Friday, February 01, 2008

Friday Night Thoughts

Tonight was a typical weird night for me.

I didn't do anything particularly special during the day. Worked and the like. When I got home I practiced the set list I was to play for our bible study. Now that I think of it, I don't really know how I ended up in that little role. I'm not any good. Maybe we just can't find anyone else?

Anywho, the bible study was really great. Half of our group was missing but thankfully Kuya Alain and Ate Nice showed up. What more, God decided to show up BIG tonight. It was great just singing praises to the King and just having intellectually stimulating conversations about Him. It's kind of cool what can happen when you decide to be expectant. Although we were all pretty bummed that we couldn't continue our study for tonight (that's kinda what happens when you are missing 2/3 of your group), it was nonetheless encouraging to rediscover the fact that God is awesome even without a lesson plan.

Some things came up during the night that reminded everyone of Glorie so that was kinda awkward. Everyone did the whole "should we ask or should we not" body language that I've grown rather accustomed to by now. Oh well.

The drive home was tranquil. I reflected on the night and realized that I was the only non married person that went to the study. One thing stuck with me that I couldn't quite understand (cause I didn't have kids). The thought shared was that whenever your kids go through something, as a parent you feel their hurt so much more. Everyone agreed heartily with the assessment. So, driving home, I thought about my parents.
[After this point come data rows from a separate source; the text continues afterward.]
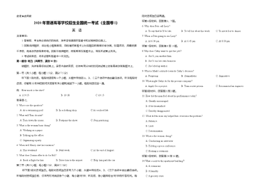 2020年北京市高考英语试卷(机考 无听力)(原卷版).doc
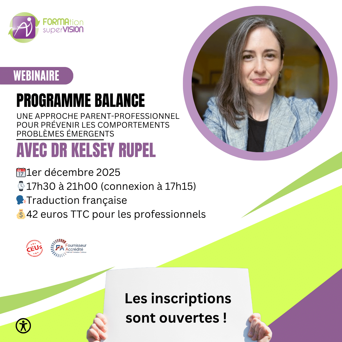 Les inscriptions et informations sont via ce lien : https://organisme-formavision.com/webinaire-balance-une-approche-parent-professionnel-pour-prevenir-les-comportements-problemes-emergents/
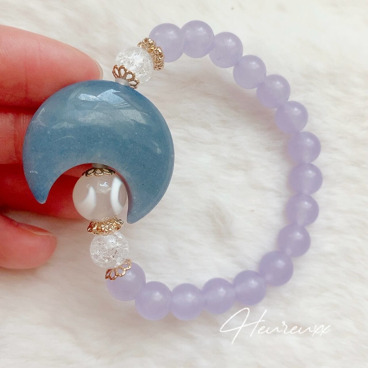 優しい色味のパープルカルセドニーに大きめのブルーアベンチュリンの月のパーツを合わせ、ポイントで月星天珠とクラック水晶を添えました✧*。
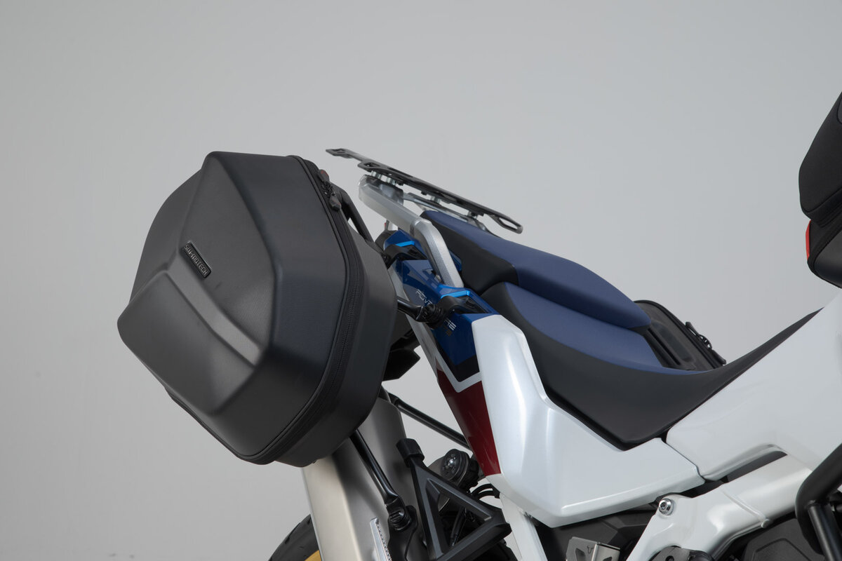 SW-MOTECH baut das AERO ABS Seitenkoffer-System passend für die Honda Africa Twin CRF1100L Adventure Sports mit den modellspezifischen PRO Seitenträgern, die extrem belastbar sind. Die PRO Seitenträger lassen sich in Verbindung mit einer Akrapovic Slip-On Auspuffanlage montieren.
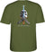 The Rodriguez "Skull & Sword" deck was the first pro signature deck graphic produced by Powell-Peralta. The graphic was conceived by Ray and Illustrated by V.C. Johnson with art direction from George Powell in 1979.
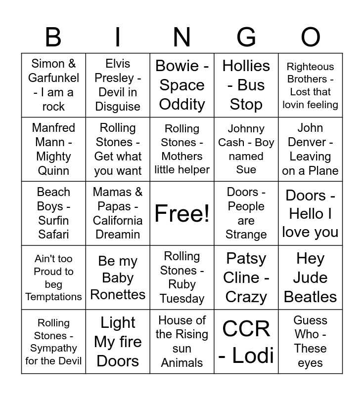 This bingo card has a free space and 39 words: Van Morrison - Brown eyed girl, The Who - Pinball wizard, Soul Man Sam and Dave, Rolling Stones - Get what you want, Rolling Stones - Sympathy for the Devil, Rolling Stones - Ruby Tuesday, Rolling Stones - Mothers little helper, Rolling Stones - Satisfaction, Righteous Brothers - Lost that lovin feeling, Ain't too Proud to beg Temptations, Mamas & Papas - California Dreamin, Hollies - Bus Stop, Guess Who - These eyes, Doors - Hello I love you, Doors - People are Strange, Be my Baby Ronettes, Simon & Garfunkel - Mrs. Robinson, Simon & Garfunkel - I am a rock, Beatles I saw her standing there, Patsy Cline - Crazy, Manfred Mann - Mighty Quinn, House of the Rising sun Animals, Johnny Cash - Boy named Sue, John Denver - Leaving on a Plane, Jimi Hendrix - Hey Joe, Jimi Hendrix - Purple Haze, Janis Joplin - Piece of my heart, You really got me Kinks, Frankie Valli - Sherry, Elvis Presley - Devil in Disguise, Diana Ross - Love Child, Diana Ross - Stop in the name of love, Bowie - Space Oddity, Light My fire Doors, CCR - Lodi, My Girl Temptetions, Hey Jude Beatles, Beach Boys - Surfin Safari and RESPECT Aretha Franklin.
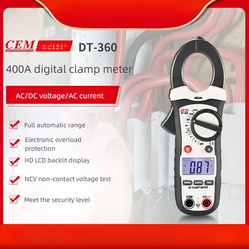 เครื่องหนีบดิจิตอล CEM สำหรับวัดแรงดันไฟฟ้า ac/dc DT-360มิเตอร์วัดกระแสดิจิตอลความแม่นยำสูง
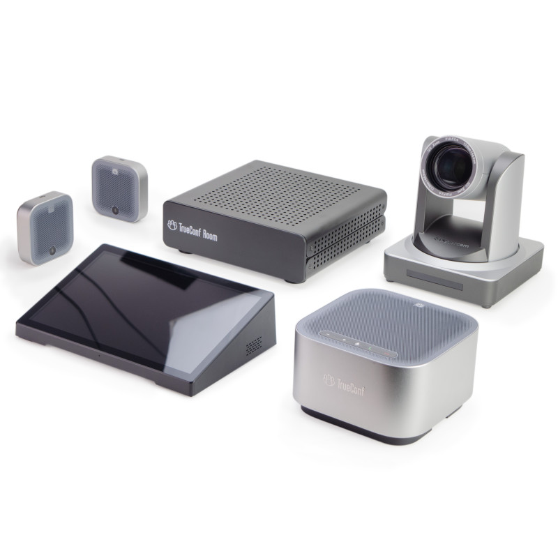 Благодаря данному комплекту вы сможете в кратчайшие сроки оборудовать SMART-переговорную для проведения видеоконференций. Комплект прост в подключении и эксплуатации. Камера передает качественное изображение и не занимает много места. За захват звука отвечает спикерфон, со встроенной системой шумоподавления, который прекрасно зарекомендовал себя при проведении конференций. Благодаря малому форм-фактору, отличным графическим возможностям и низкому уровню шума, ВКС кодек позволяет участникам конференции лучше сосредоточиться на обсуждении вопросов. TrueConf Room — передовое программное решение для переговорных комнат. Для управления TrueConf Room используется планшет, все действия по управлению терминалом осуществляются через веб-интерфейс - он полностью моделирует внешний вид клиентского приложения TrueConf, что позволит сразу же приступить к его использованию. TrueConf Room может использоваться, как с выделенным сервером видеосвязи TrueConf Server, так и с облачным сервисом TrueConf Online.

As I was making my letters yesterday, I got a hold of my mom's address book. While perusing for addresses, among the very first pages were some particularly noteworthy names. Tita Edna, Tita Belle, Tita Maricor, and even Raychill's mom were all in the book. I never contemplated just how well my mom got along with all of Glow's family. I got sad pretty quickly. Not only was my mom heartbroken cause I was so devastated, but she probably felt hurt on a personal level just because she considered Tita Maricor one of her better friends. It's tragic.

For so long my mom has tried to resolve this situation all on here own. But she can't. No one can. Yet, this is the first time I've ever wanted to resolve the situation. Not solely for me now though; now I see how it's affecting her as well.